Au soutien de leurs prétentions, les époux [D] expliquent justifier de leur titre de propriété par l’attestation notariée qu’ils versent à la procédure. Ils déclarent, de même, que le congé délivré est valable. Ils précisent que le montant de l’indemnité d’occupation sollicité est conforme aux stipulations du bail les liant à Madame [B] [Y]. Ils ajoutent également que le maintien de cette dernière dans les lieux postérieurement au 27 mai 2023 leur a causé des difficultés tant humaines, que financières.

Madame [B] [Y], représentée par son conseil, a déposé des conclusions, dont elle a demandé le bénéfice de lecture, aux termes desquelles elle demande au juge, à titre liminaire, de constater le défaut de qualité pour agir des époux [D] et le prononcé du débouté de l’ensemble des demandes de ces derniers.
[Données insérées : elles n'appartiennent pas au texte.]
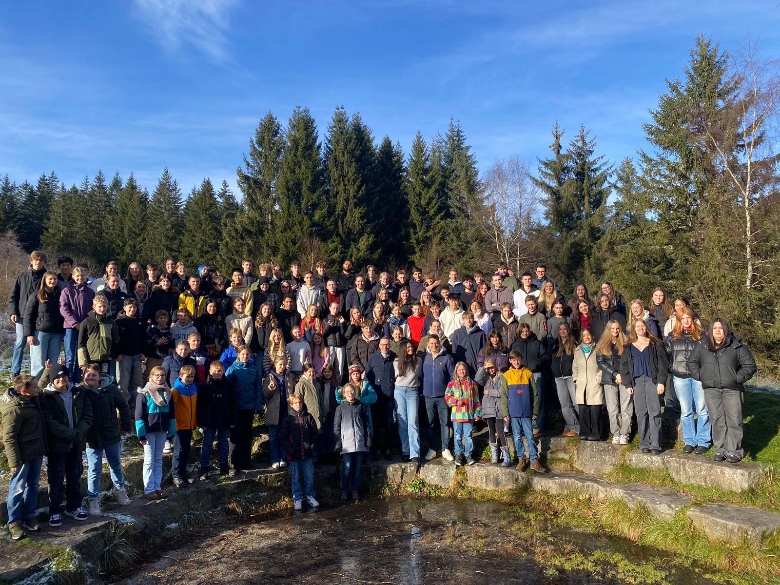 Am Donnerstag und Freitag, den 05. und 06. Dezember, fand die jährliche SMV-Tagung auf Herrenwies statt. Alle Klassen- und KurssprecherInnen der Schule wurden hierzu eingeladen. Am Donnerstag um 8:15 Uhr fuhren die beiden Busse mit über 100 Schülerinnen und Schülern, der SMV und den Verbindungslehrern in den Schwarzwald nach Herrenwies. Angekommen bei leichten Minusgraden packten alle aus und die SMV stellte kurz das Programm für die zwei Tage vor. Dann ging es nach draußen und das Gruppenfoto wurde gemacht. Anschließend ging es schnell wieder ins Warme, wo sich die SchülerInnen ihre Zeit mit Tischtennis spielen, Unterhaltungen oder auch einem Spaziergang vertreiben konnten.

Subsidiairement, elle sollicite le constat de la nullité du congé délivré par les époux [D]. A titre infiniment subsidiaire, Madame [B] [Y] demande le bénéfice de délais pour quitter les lieux loués.

Au soutien de ses prétentions, Madame [B] [Y] explique que les époux [D] ne produisent pas de titre de propriété récent ou de mandat leur conférant le pouvoir de solliciter la résiliation du bail, ainsi que son expulsion. S’agissant de la validité du congé délivré le 18 novembre 2022, elle soutient les époux [D] n’apportent pas la preuve de leur réelle volonté de vendre les lieux loués. Enfin, elle soutient que sa situation personnelle justifie que lui soient accordés les délais les plus larges pour quitter les lieux.

Il sera référé aux écritures des parties déposées à l’audience pour un plus ample exposé de leurs moyens en application des dispositions de l’article 455 du Code de procédure civile.